Hurriedly, he dropped his bag by Mma’s bed and leaned forward to place his right ear on Mma’s left breast. After a few seconds he took his head off her body and shook it. And while he brought out his stethoscope from his bag, he looked at me sympathetically. Then, he gently placed the chest-piece on her chest and he tucked the earpiece in his ears.

He removed the earpiece and sighed. Then, he used his hand to wipe Mma’s face and covered it with the bed cloth. He returned his stethoscope and picked up his bag. He looked at me again and he held my hand and walked me out of the room.

“Stella, I need you to be strong ok?” He said and I nodded with my lips tucked in. Then I asked “is Mma dead?”
He looked at me, unsure of how to respond. Then he patted my back and said “errm no, Mma is just resting. But you’ll give me a few minutes to rush to the clinic and call for the ambulance ok?”

I nodded yes and I walked him to the door.

I had closed the door but I stood there resting my head on the doorknob- thinking. I wasn’t crying but I saw tears dropping.

Suddenly…… the sneezing came twice. I heard it from Mma’s room.

Quickly I raised my head, turned and rushed inside.

“Stella where’s my food?….And why are you crying?”

Image

I looked at Mma. She was still there lying the way I had left her. Then I wiped my face  and I knew Mma had just spoken through her mind.

________________________________________

fEMIoWOLABI



12 thoughts on “A thing of the mind” by fEMI (@femtrols)

  1. This wasn’t easy to read, courtesy of the typos and sentencing.

    Somebody should please write something cheerful and humourous na

    1. Baba Kaycee! I know you like happy endings- sorry and thanks for reading!

  2. I liked the concept..mind over matter huh?..The errors, i am sure U can work em’ right when U want to…Welldone.

  3. caspapa (@caspapa)

    oh, she is dead. What will happen to her now?

    Good write up, it get me thinking, but i am not going to cry. Keep it up Femi.

  4. You all are tragedy inclined! Haba!

  5. Weldone Femi. You write very well,and your descriptive sense is unique. You brought your writing into reality, and transferred the emotions right into our hearts. Just a pocket of corrections here and there, and it will do.

  6. this is nice,but please iron out the lil wrinkles

  7. Errors or no errors, thumbs up for you. The story was well told and written. But then you would take care of the errors. Won’t you?
    Keep writing…

  8. @Femtrols,

    Good story.

    For me, the most touching part of this story was reading about the short-lived marriage of the MC’s parents, and how she was brought up by her grandmother. But I would have liked to know that she was the grandmother from the start.

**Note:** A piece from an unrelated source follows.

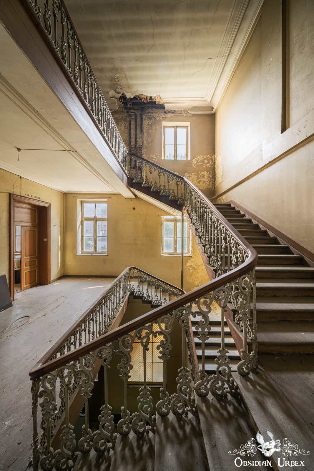 A medical facility has stood on this site for many years, the chapel was added to it in the 1860s. The architecture reflects the styles of the preceding decades; Neoclassical. One of the most striking features of the chapel is the immense dome. It is quite unique in the region. The stairway connecting the chapel to the other parts of the building is also interesting. It features beautiful ironwork balustrades. Both Chapelle Princesse Titine and stairway are delightful examples of late 19th Century craftsmanship. Despite several remodelling phases over the years, the chapel and its access were retained. The chapel and its wonderful Neo-Classical architecture were simply too precious to demolish, or alter.

    I didn’t really feel the end was properly resolved. How did the grandmother not know that she was dead? And if she did know, why should she be asking for food?

    Again, well done.

  9. You wrote this well, typos ignored… needs proper editing- that’s all.
    It’s a pity the child has to go through such pains in life; and still struggling not to cry? Mhn, I feel crying helps ease the pains in our hearts… that’s why in some places like Africa, the women live longer than the men.
    You did well.

  10. i felt pity for the girl,,she should hav cry it out.

    well done.

  11. Typos or not, I liked your story. Well done.